Le 13, le bombardement reprend très violent, dès 3h30. A 6h30 l’ennemi établit d’épais barrages de gaz suffocants à la Maison Forestière, empêchant momentanément l’artillerie de tirer et à la Croix de Pierre, où le P.C. doit être évacué. A 7h30, il attaque sur 263, puis sur tout le front jusqu’à l’Etoile inclus. Il perce le centre de  notre ligne et pénètre jusqu’à 285 qu’il dépasse. Une contre-attaque nous rend 285. A la fin de la journée, le front passe par 263 dont nous tenons le réduit d’une façon très précaire, le chemin de 263 à Pierre Croisée, 285, la crête de la Fille Morte, Bolante et le Fer à Cheval.

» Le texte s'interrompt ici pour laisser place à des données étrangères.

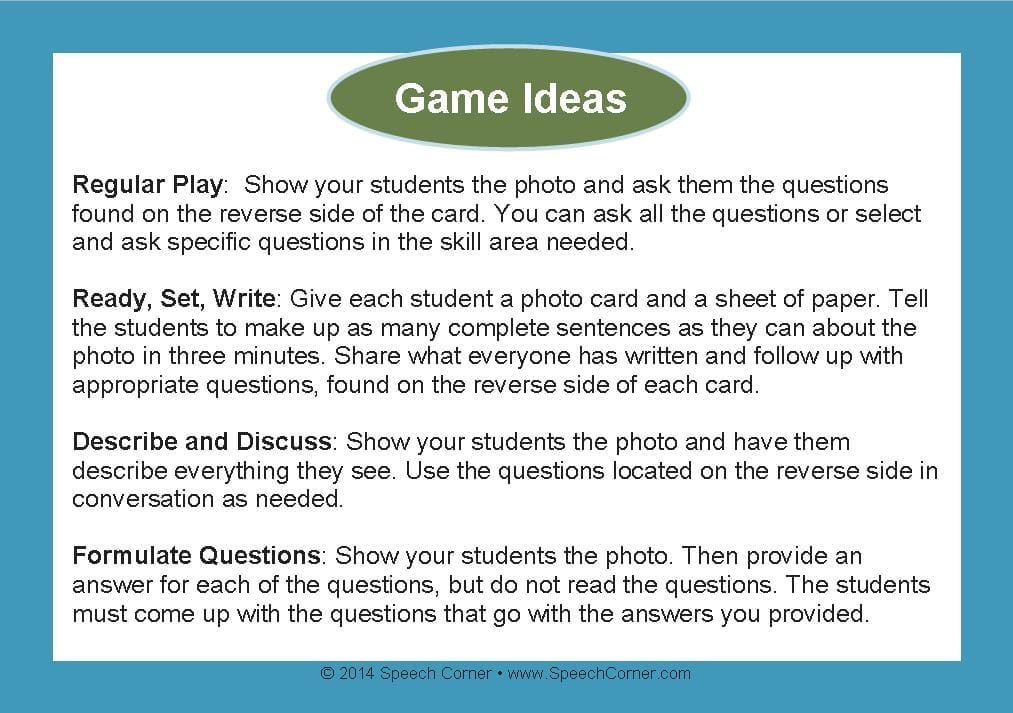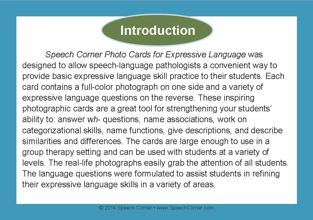 Designed for versatile use across your caseload, Speech Corner Photo Cards for Expressive Language help students strengthen foundational communication skills through real-life photo stimuli and structured questioning. Each full-color card is a powerful tool for building expressive vocabulary, descriptive language, and verbal reasoning.

Le même jour une vive attaque allemande se produit vers 8h sur notre saillant près de la route de Saint-Hubert. Après une lutte qui dure toute la journée, l’ennemi conserve un élément de notre première ligne.

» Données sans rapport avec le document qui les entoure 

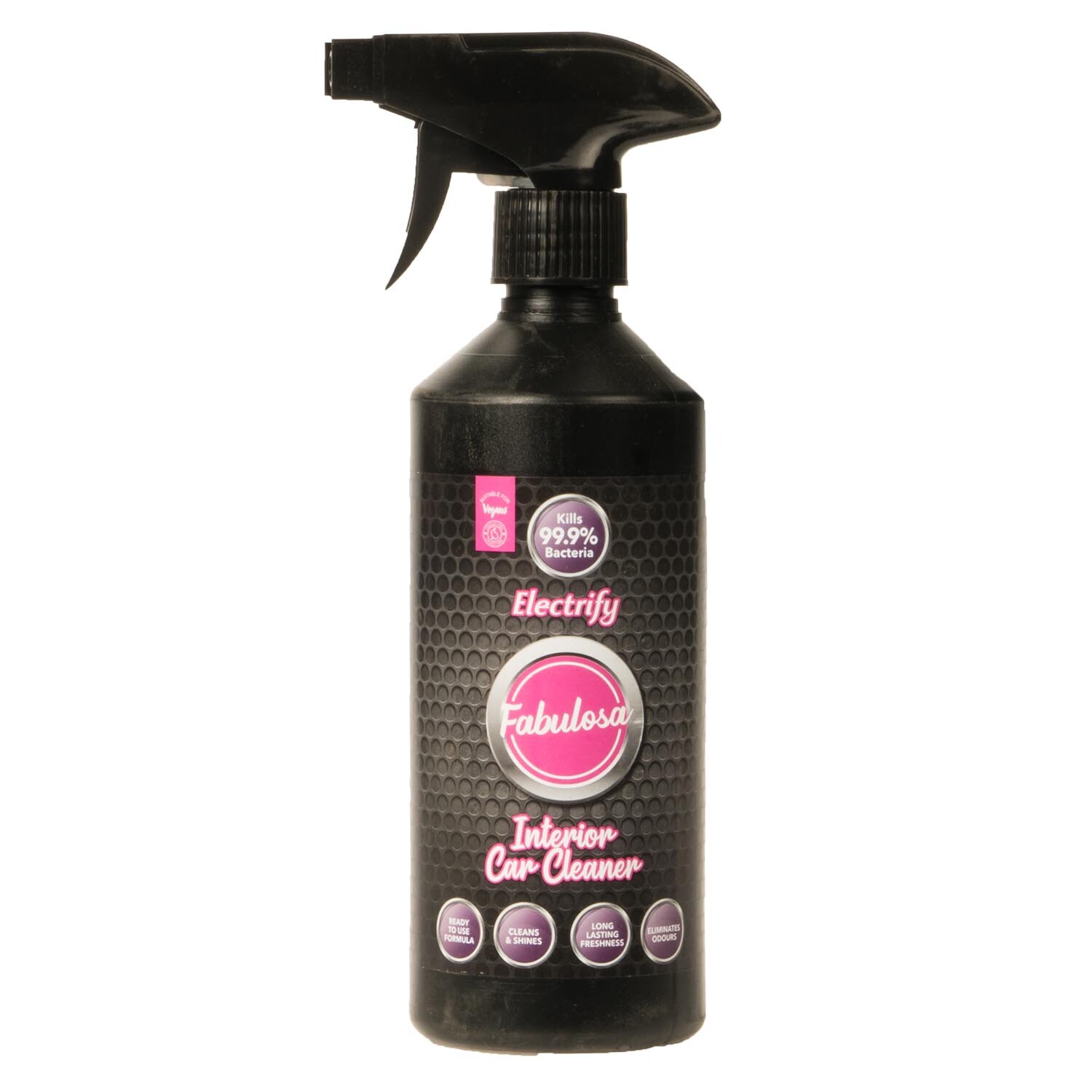 Bring cleaning power and a fresh scent into your car with this Fabulosa Interior Spray Electrify. This powerful all-purpose cleaner is ideal for high-traffic surfaces such as dashboards, gloveboxes, consoles and steering wheels.

Le 14, les actions offensives se déclanchent comme il est prévu.

Au 5ème C.A. le 89ème Régiment et le 66ème Bataillon de Chasseurs à pied attaquent à 7h. ils échouent. Une deuxième attaque à 11h progresse très peu.

Au 32ème C.A. :

–   La 1ère Brigade Coloniale enlève brillamment les deux premières lignes, le Bois Beaurai et franchit le ravin de la Noue Dieusson, faisant quelques prisonniers. Elle est ramenée par une série de contre-attaques qui se poursuivent encore pendant la nuit. Elle réussit à se maintenir en avant de ses tranchées près de la route de Servon.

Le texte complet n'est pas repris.